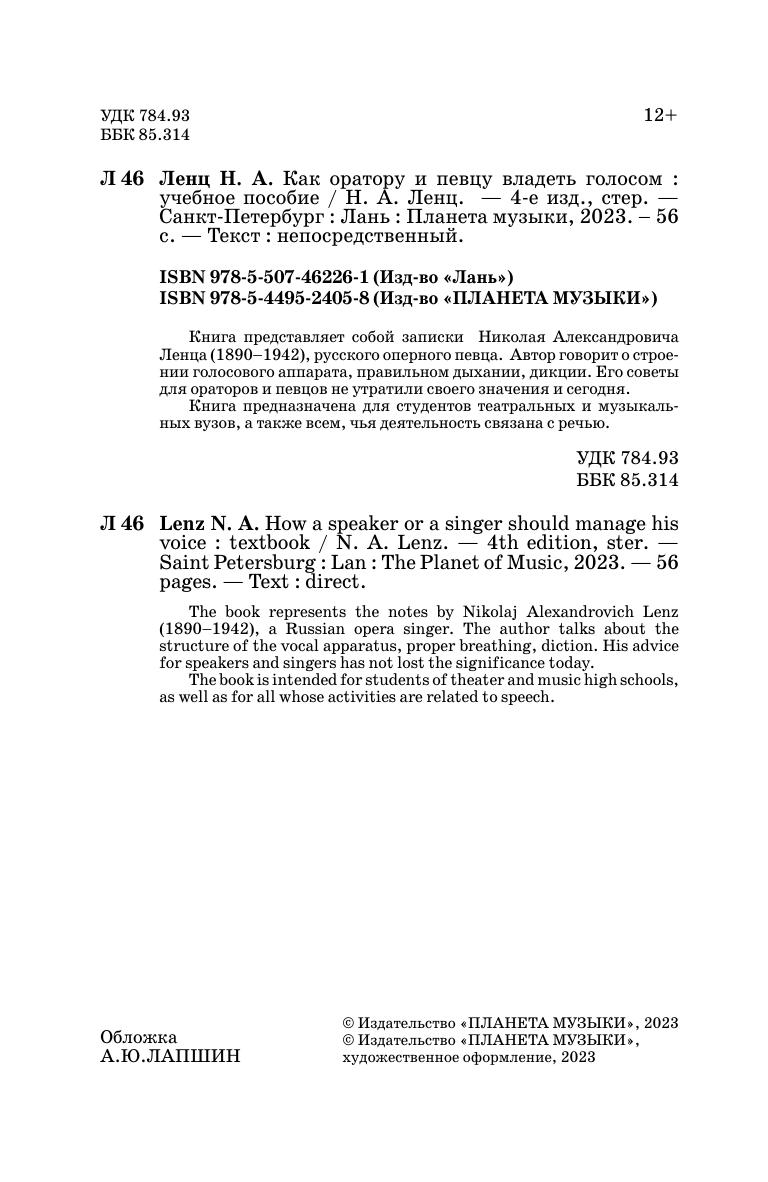Книга представляет собой записки Николая Александровича Ленца (1890–1942), русского оперного певца. Автор говорит о строении голосового аппарата, правильном дыхании, дикции. Его советы для ораторов и певцов не утратили своего значения и сегодня.
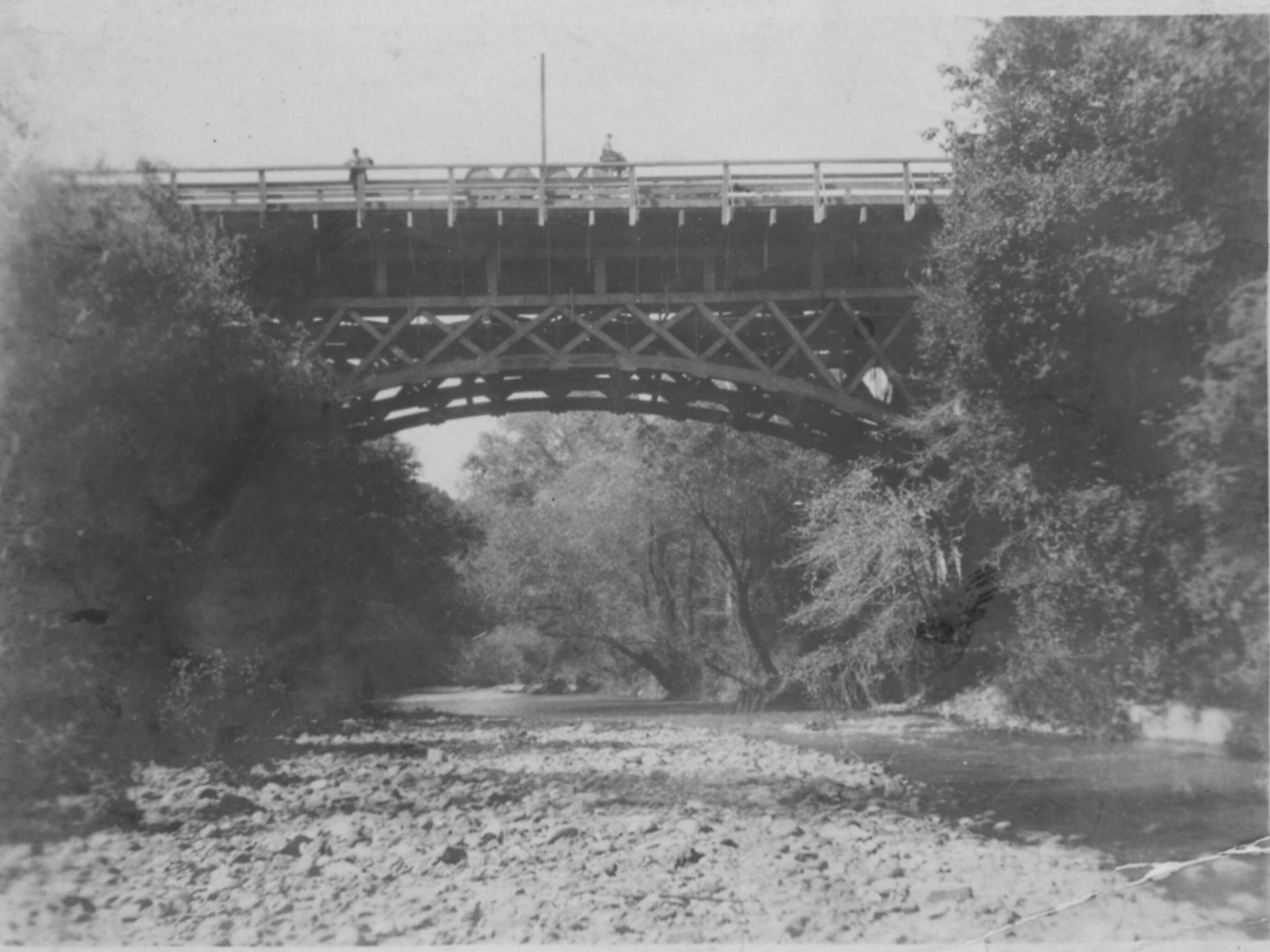 This wooden Main Street bridge opened in Los Gatos in 1882. Unfortunately, it was the site of a lynching on Sunday afternoon, June 17, 1883, when Incarnacion Garcia, a young Californio, was hung from the bridge by a vigilance committee, seeking "even and exact justice, without cost to the county." CON012Collection
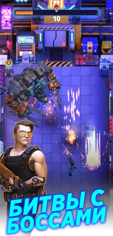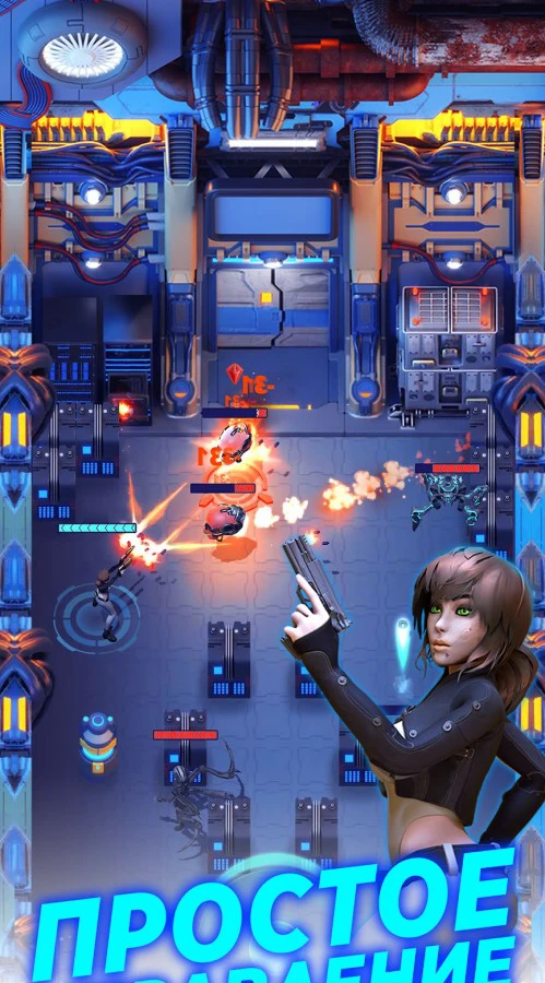 Вкратце — это изометрический раннер, где мы можем полностью управлять персонажем. Он перемещается из уровня в уровень, сложность которых каждый раз повышается. Получается, что чем дальше пройдём, тем лучше награда. С врагов выпадают монетки. Игровой процесс Cyberpunk Hero выполнен в вертикальном режиме; стрельба автоматическая.

- _Problem description_
Using the material above, restate word for word the lines from the line that has "This wooden Main" to the last line, inclusive, with pictures omitted.

- _Answer section_
 This wooden Main Street bridge opened in Los Gatos in 1882. Unfortunately, it was the site of a lynching on Sunday afternoon, June 17, 1883, when Incarnacion Garcia, a young Californio, was hung from the bridge by a vigilance committee, seeking "even and exact justice, without cost to the county." CON012Collection
 Вкратце — это изометрический раннер, где мы можем полностью управлять персонажем. Он перемещается из уровня в уровень, сложность которых каждый раз повышается. Получается, что чем дальше пройдём, тем лучше награда. С врагов выпадают монетки. Игровой процесс Cyberpunk Hero выполнен в вертикальном режиме; стрельба автоматическая.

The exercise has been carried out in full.